'''
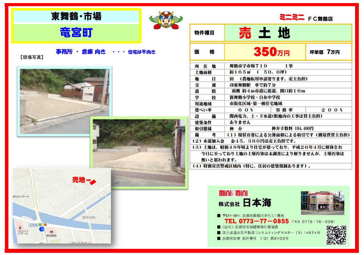 所在地京都府舞鶴市竜宮町  (売地)竜宮町
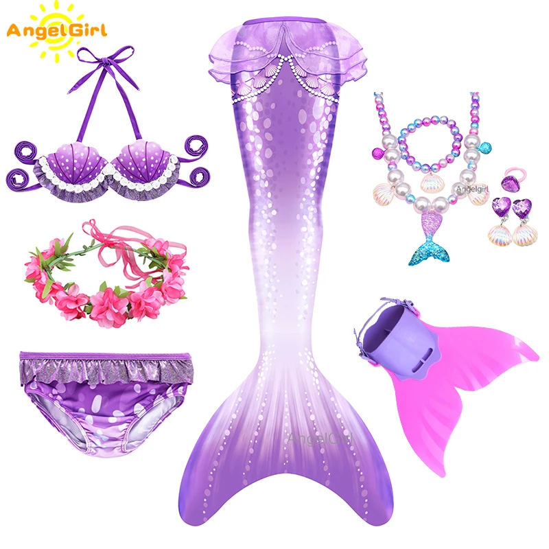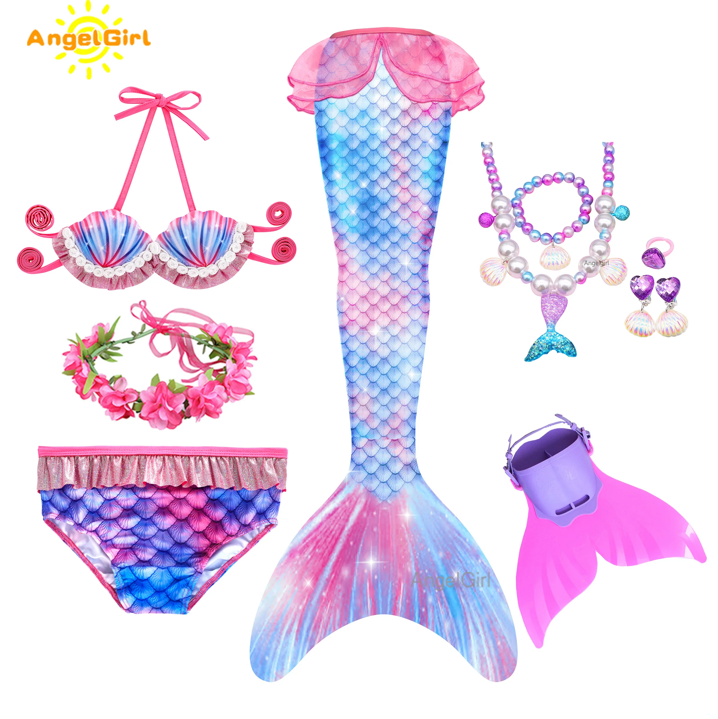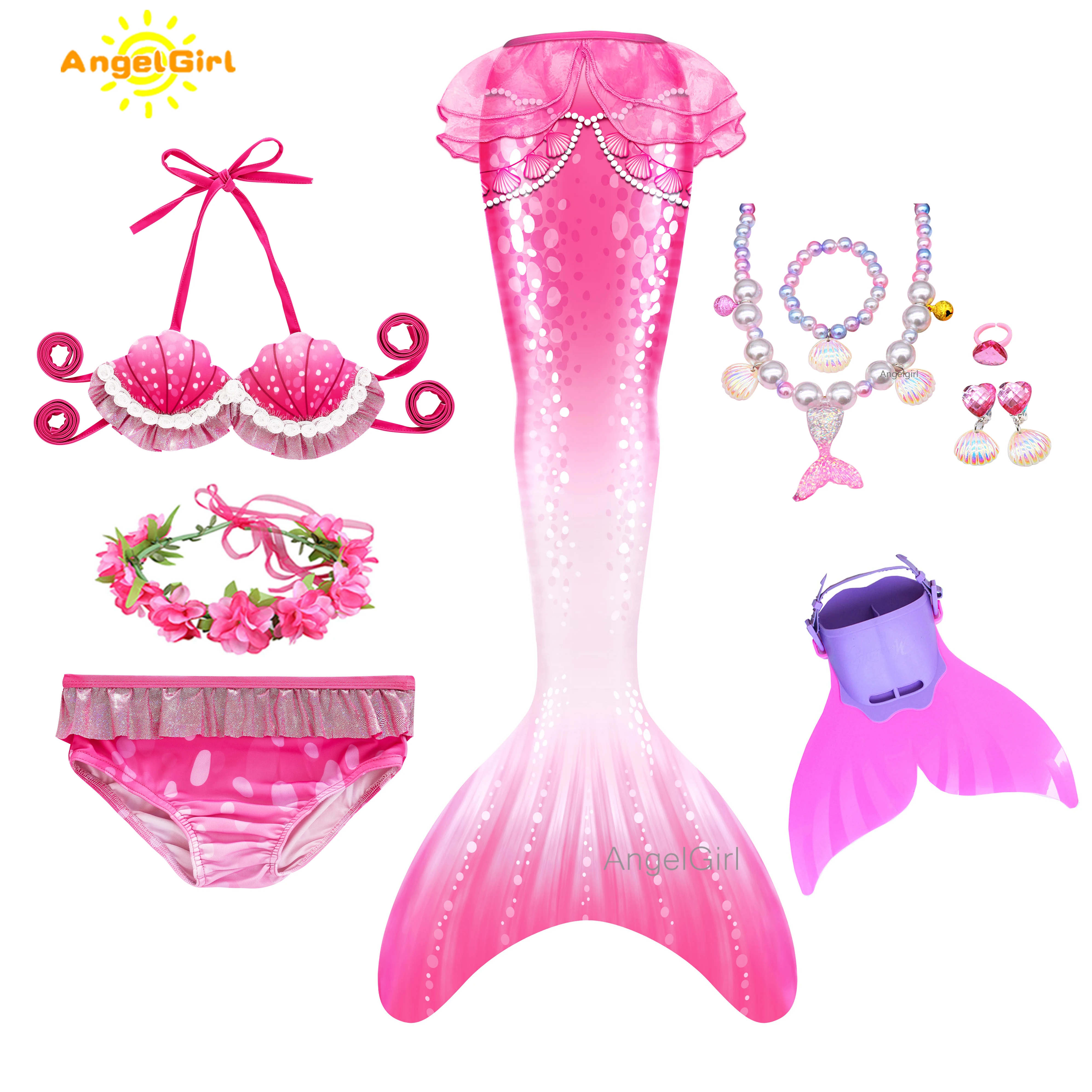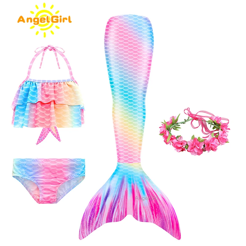 AngelGirl детский купальный костюм с хвостом русалки купальный костюм для косплея купальник с моноластами очками гирлянда Рождественские подарки для девочки
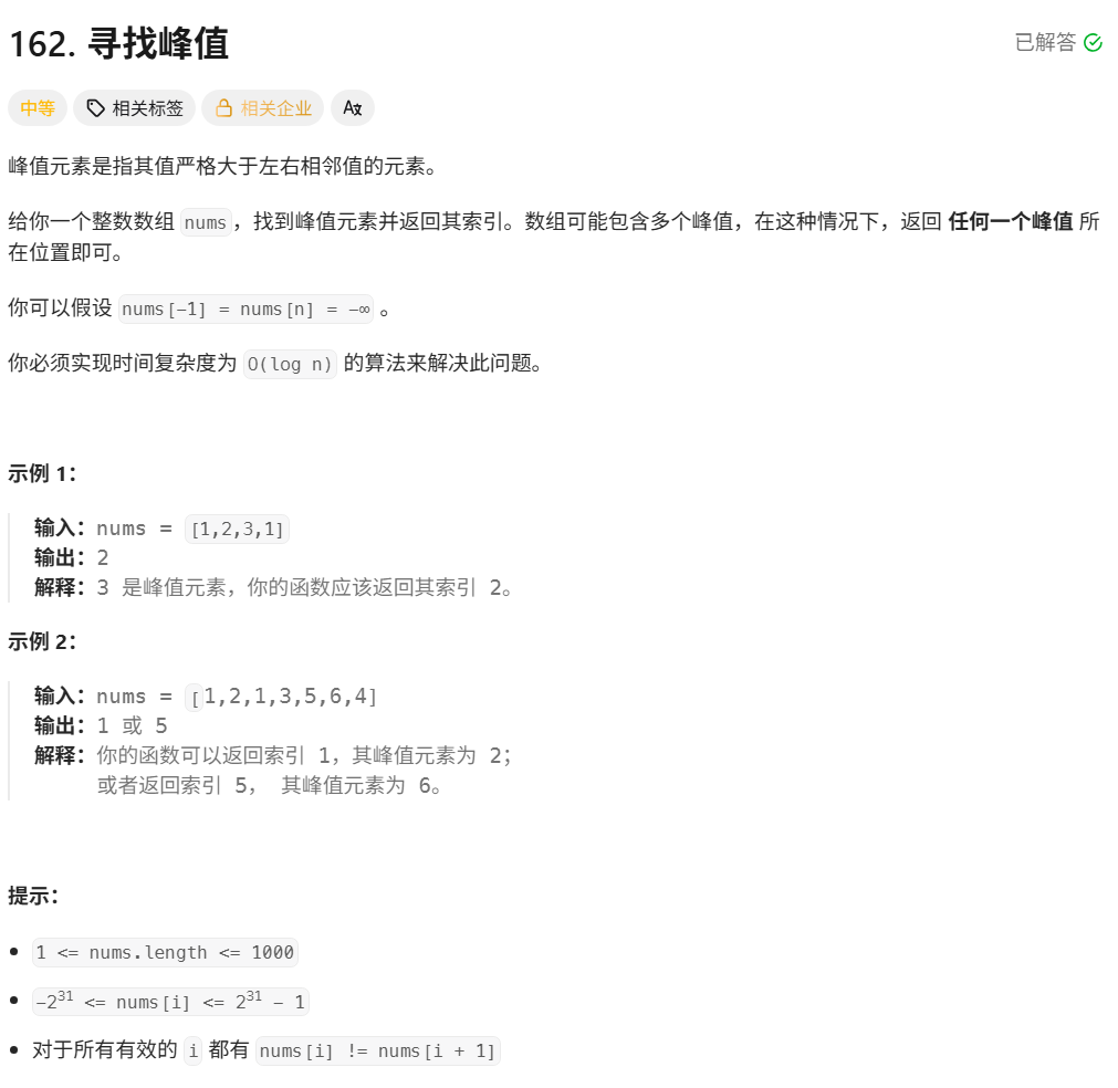 int findPeakElement(vector<int>& nums)
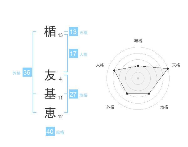 楯 友基恵さんの総格は40画の2点
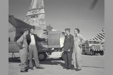 | Keywords: naca nasa nasa ames research center nasaamesresearchcenter george cooper georgecooper 1958 Description: Ames Chief test pilot George Cooper discusses phases of flight evaluation tests. NACA personnel (l to R) Air Force Major E. Sommerich; Ames Engineer Seth Anderson, Lt. Col. Tavasti; and George Cooper pose in front of the thrust reverser on F-94C01. Note: Used in publication in Flight Research at Ames; 57 Years of Development and Validation of Aeronautical Technology Image #: Date: May 21, 1958 Description: Ames Chief test pilot George Cooper discusses phases of flight evaluation tests. NACA personnel (l to R) Air Force Major E. Sommerich; Ames Engineer Seth Anderson, Lt. Col. Tavasti; and George Cooper pose in front of the thrust reverser on F-94C01. Note: Used in publication in Flight Research at Ames; 57 Years of Development and Validation of Aeronautical Technology Image #: Date: May 21, 1958 |
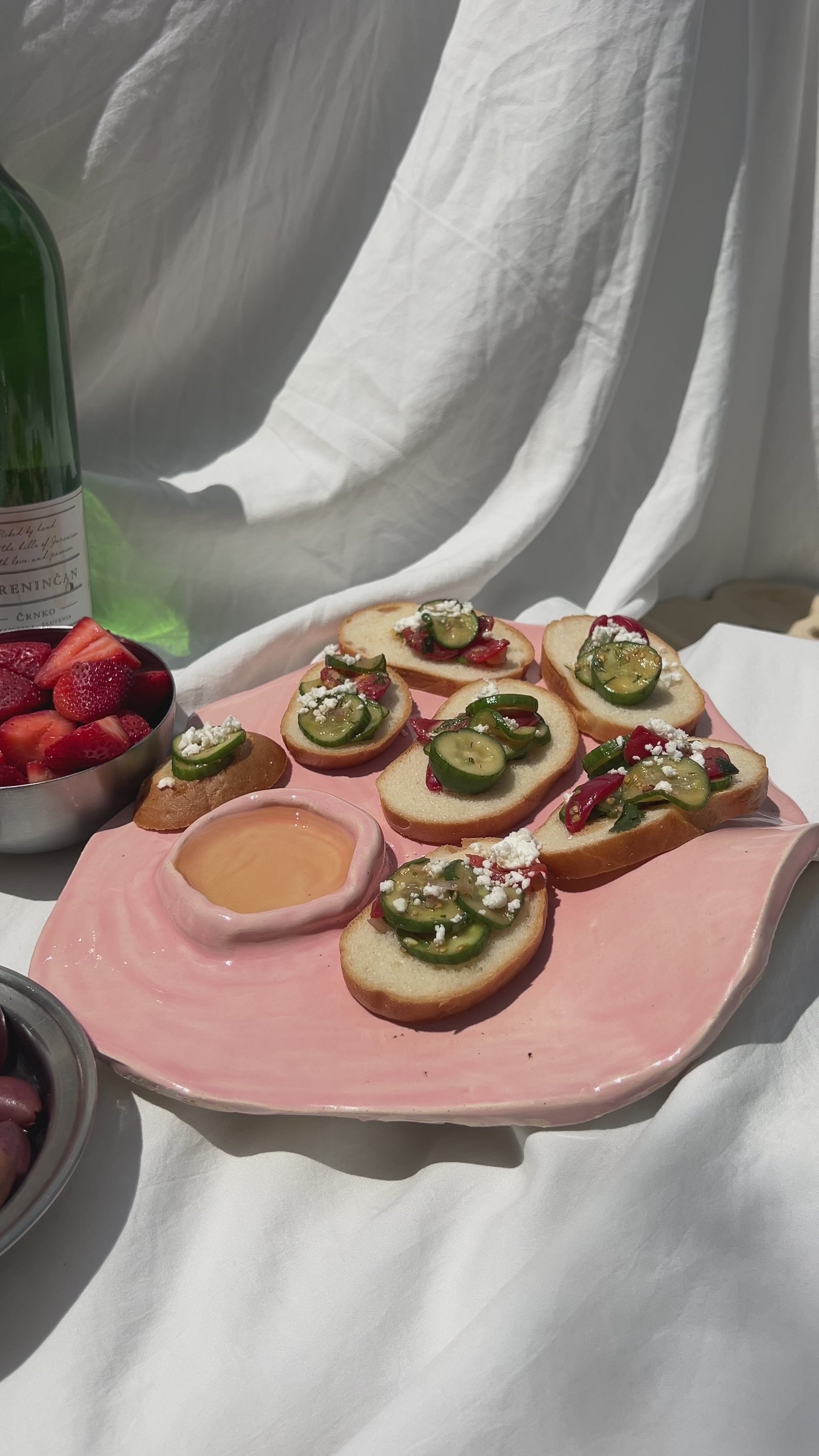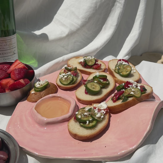 Our glossy pretty pink Charcuterie board.
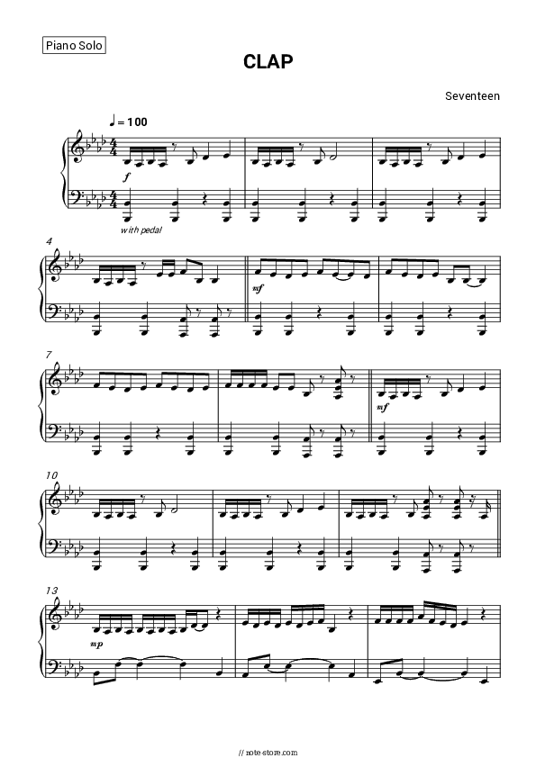 The piano sheet music for the melody Clap, performed by SEVENTEEN, is currently in Piano.Solo arrangement. This Pop-genre track was created by expert musicians, ensuring the premium quality of musical notation.
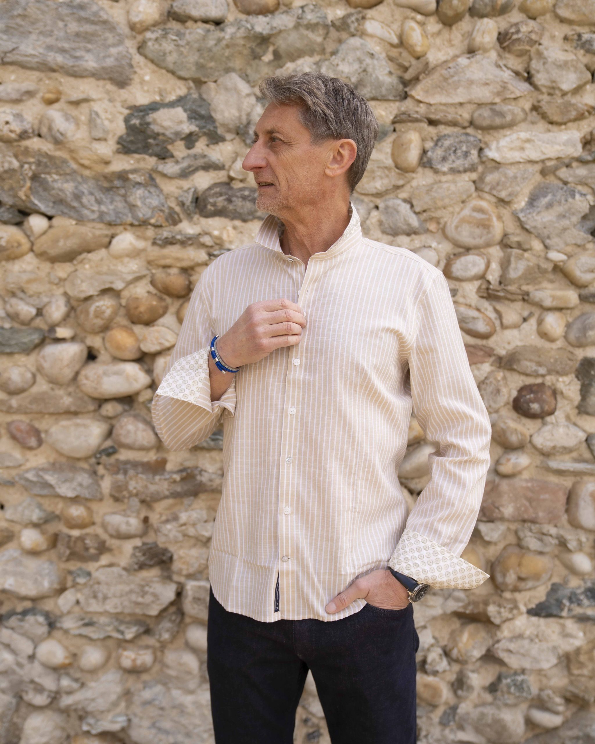 Craquez pour cette chemise « RAPHAEL » de la marque française NUMEROLOG1E ! On adore ses rayures blanches sur fond beige, qui
'''
# [What the exercise asks]
Without the pictures, print the records in full, exactly as they appear.

# [Result]
 所在地京都府舞鶴市竜宮町  (売地)竜宮町
 AngelGirl детский купальный костюм с хвостом русалки купальный костюм для косплея купальник с моноластами очками гирлянда Рождественские подарки для девочки
 int findPeakElement(vector<int>& nums)
 楯 友基恵さんの総格は40画の2点
 | Keywords: naca nasa nasa ames research center nasaamesresearchcenter george cooper georgecooper 1958 Description: Ames Chief test pilot George Cooper discusses phases of flight evaluation tests. NACA personnel (l to R) Air Force Major E. Sommerich; Ames Engineer Seth Anderson, Lt. Col. Tavasti; and George Cooper pose in front of the thrust reverser on F-94C01. Note: Used in publication in Flight Research at Ames; 57 Years of Development and Validation of Aeronautical Technology Image #: Date: May 21, 1958 Description: Ames Chief test pilot George Cooper discusses phases of flight evaluation tests. NACA personnel (l to R) Air Force Major E. Sommerich; Ames Engineer Seth Anderson, Lt. Col. Tavasti; and George Cooper pose in front of the thrust reverser on F-94C01. Note: Used in publication in Flight Research at Ames; 57 Years of Development and Validation of Aeronautical Technology Image #: Date: May 21, 1958 |
 Our glossy pretty pink Charcuterie board.
 The piano sheet music for the melody Clap, performed by SEVENTEEN, is currently in Piano.Solo arrangement. This Pop-genre track was created by expert musicians, ensuring the premium quality of musical notation.
 Craquez pour cette chemise « RAPHAEL » de la marque française NUMEROLOG1E ! On adore ses rayures blanches sur fond beige, qui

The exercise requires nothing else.